What you should do: Please give back the listing exactly, without any of its pictures.

Dataset content:

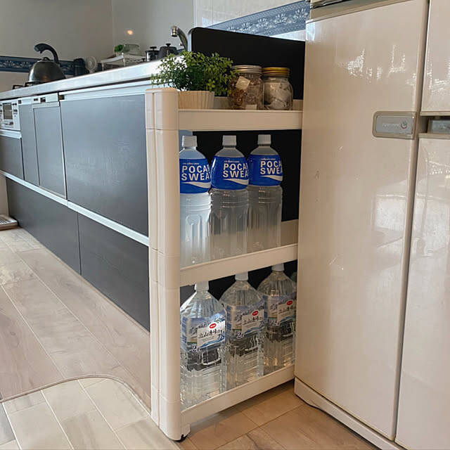 まずは、ワゴンにペットボトルを収納しているユーザーさんをご紹介します。キャスターのおかげで、重たいペットボトルもストレスなく移動できるのが魅力。サイズやデザインもさまざまなワゴンが登場するので、ぜひ理想のものを見つけてみてくださいね。
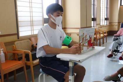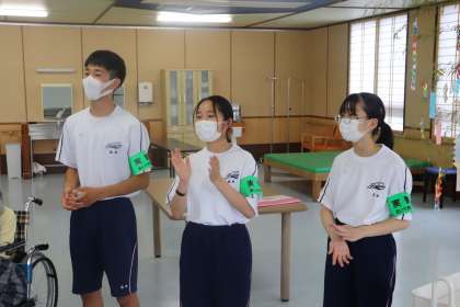 「14歳の挑戦」 7月5日 誠友病院 公開日 2023/07/05 更新日 2023/07/05 学び合い認め合う学習 誠友病院では、血圧測定や車いすの疑似体験等、とても貴重な経験をしています。今日は七夕会があり、紙芝居を読んだり歌を歌ったりしました。患者さんに喜んでいただけて嬉しい気持ちになりました。
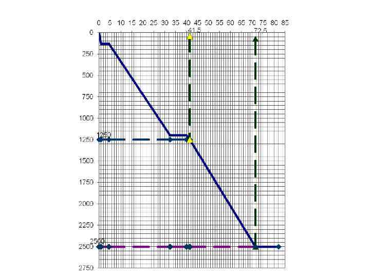Например, требуется определить проходку за январь месяц, если известно, что забой скважины к его началу составляет 1250 м. С оси ординат величину забоя переносят на линию графика проходки (см. рис). Затем полученную точку пересечения переносят на ось абсцисс. От точки пересечения с ней откладывают продолжительность периода (31 день). С оси абсцисс восстанавливают перпендикуляр, и точку пересечения его с линией графика сносят на ось ординат. Таким образом, определяют забой скважины на конец анализируемого периода. Величину проходки определяют разницей между забоями, т. е. 2500 – 1250 = 1250 м.
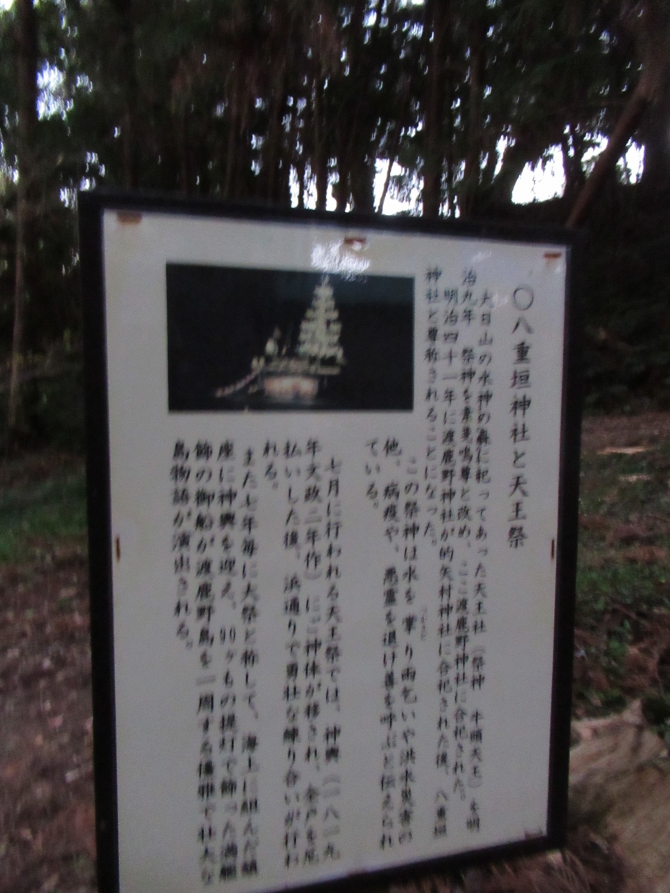 八重垣神社は、元は渡鹿野神社と称し古くから存在していて、現在は須佐之男命(スサノオノミコト)別名「牛頭天王」をお祀りしています。
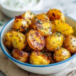 Place the potatoes in the preheated oven and roast for 35-40 minutes. Make sure to flip or toss them halfway through cooking so they brown evenly on all sides. When the potatoes are golden brown and crispy on the outside but tender inside, they’re ready to come out.

Solution:
 まずは、ワゴンにペットボトルを収納しているユーザーさんをご紹介します。キャスターのおかげで、重たいペットボトルもストレスなく移動できるのが魅力。サイズやデザインもさまざまなワゴンが登場するので、ぜひ理想のものを見つけてみてくださいね。
 「14歳の挑戦」 7月5日 誠友病院 公開日 2023/07/05 更新日 2023/07/05 学び合い認め合う学習 誠友病院では、血圧測定や車いすの疑似体験等、とても貴重な経験をしています。今日は七夕会があり、紙芝居を読んだり歌を歌ったりしました。患者さんに喜んでいただけて嬉しい気持ちになりました。
Например, требуется определить проходку за январь месяц, если известно, что забой скважины к его началу составляет 1250 м. С оси ординат величину забоя переносят на линию графика проходки (см. рис). Затем полученную точку пересечения переносят на ось абсцисс. От точки пересечения с ней откладывают продолжительность периода (31 день). С оси абсцисс восстанавливают перпендикуляр, и точку пересечения его с линией графика сносят на ось ординат. Таким образом, определяют забой скважины на конец анализируемого периода. Величину проходки определяют разницей между забоями, т. е. 2500 – 1250 = 1250 м.
 八重垣神社は、元は渡鹿野神社と称し古くから存在していて、現在は須佐之男命(スサノオノミコト)別名「牛頭天王」をお祀りしています。
 Place the potatoes in the preheated oven and roast for 35-40 minutes. Make sure to flip or toss them halfway through cooking so they brown evenly on all sides. When the potatoes are golden brown and crispy on the outside but tender inside, they’re ready to come out.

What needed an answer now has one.